Car Crashing Never Felt So Good di

di 21 Novembre 2025

Danza d’auto acrobatiche. L’appuntamento al Monster Truck Show: le fiamme divampano controllate creando un cerchio di fuoco intorno al pilota. Avvicino il mio fianco al suo mentre la macchina rossa che prende la rincorsa lo attraversa. Fiammante, che parola perfetta, penso. Lui incolume, in bilico come una ballerina, con quel casco bianco blu e rosso che gli copre il volto, per sempre. Lancio uno strillo mentre la voce francese nell’altoparlante eccita il pubblico. Cerco la sua mano e la stringo. Lei tocca uno sportello scintillante e lucido, la sabbia sugli stivali, il luna park e la pancia piena. Intorno a noi le macchine sono sexy e mortali (che muoiono, non che uccidono). I tir a metà se le mangiano. Sbirciamo dentro al corpo di un’auto in frantumi e ridacchiamo, è calpestata da chi è più forte e ci facciamo fare una foto abbracciate di fronte al suo scheletro. In un istante abbiamo tutto quello che ci permette di dire: questa giornata è una forza. Siamo al sicuro in uno spazio violento.
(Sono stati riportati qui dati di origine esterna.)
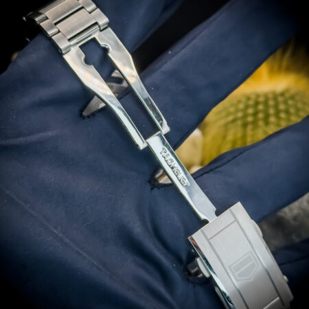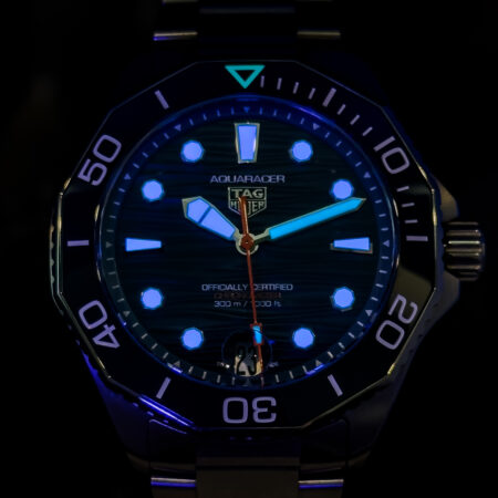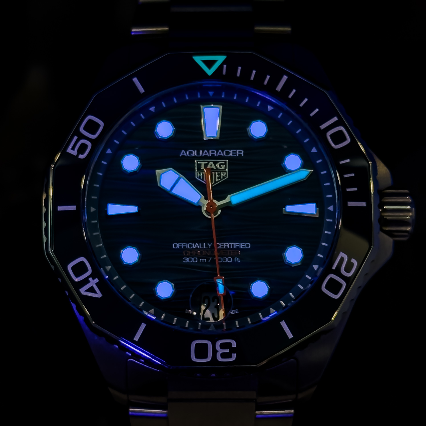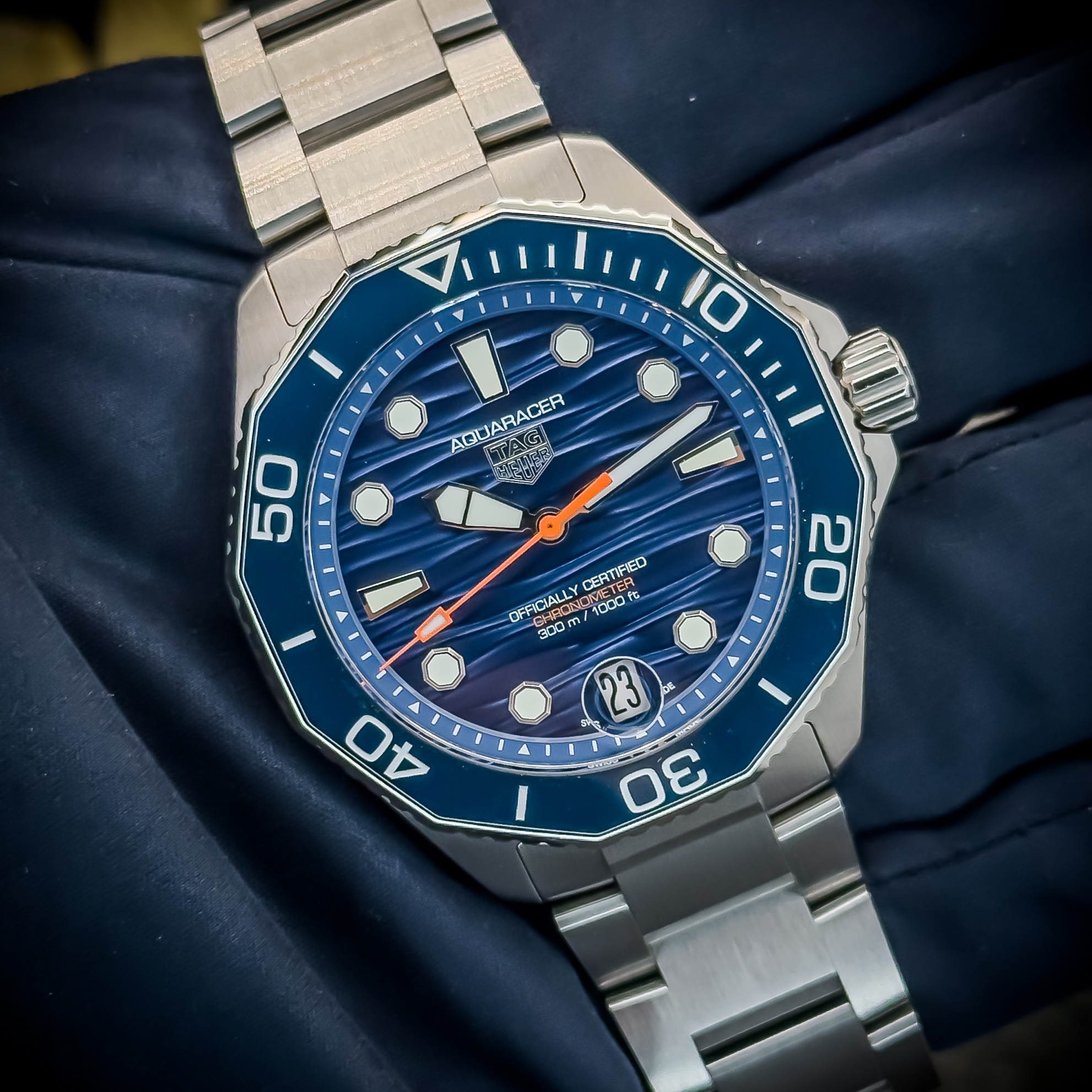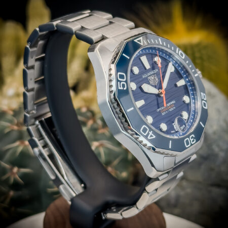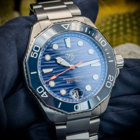 The Aquaracer Professional 300 WBP5111.BA0013 is TAG Heuer’s modern dive watch distilled to its cleanest form. This dated variant features a striking wavy blue dial, perfectly matched with a deep blue ceramic bezel. The 42mm stainless steel case wears comfortably thanks to its slim 12mm profile and refined lugs. It’s a sleek, ocean-ready tool watch with everyday wearability and premium build quality.

Guardo Acciaio (2024) di Valentina Parati e poco dopo mi ritrovo a cercare tra i film scaricati Initial D: The Movie – Legend 1: Awakening (titolo originale 頭文字D), un film giapponese del 2005 diretto da Andrew Lau e Alan Mak, tratto dall’omonimo manga di Shuichi Shigeno. L’avevo trovato per caso anni fa, mentre ero finita in un rabbit hole di poster manga giapponesi di fine anni Novanta. Cerco la traccia nella mia mente e mi si rivela poco dopo, attraverso un’associazione di parole e immagini: infanzia, motori, velocità, trauma, evoluzione, metallo — il circuito completo. L’unico punto in cui non si incontrano: uomini e macchine da un lato, non-males e motori dall’altro.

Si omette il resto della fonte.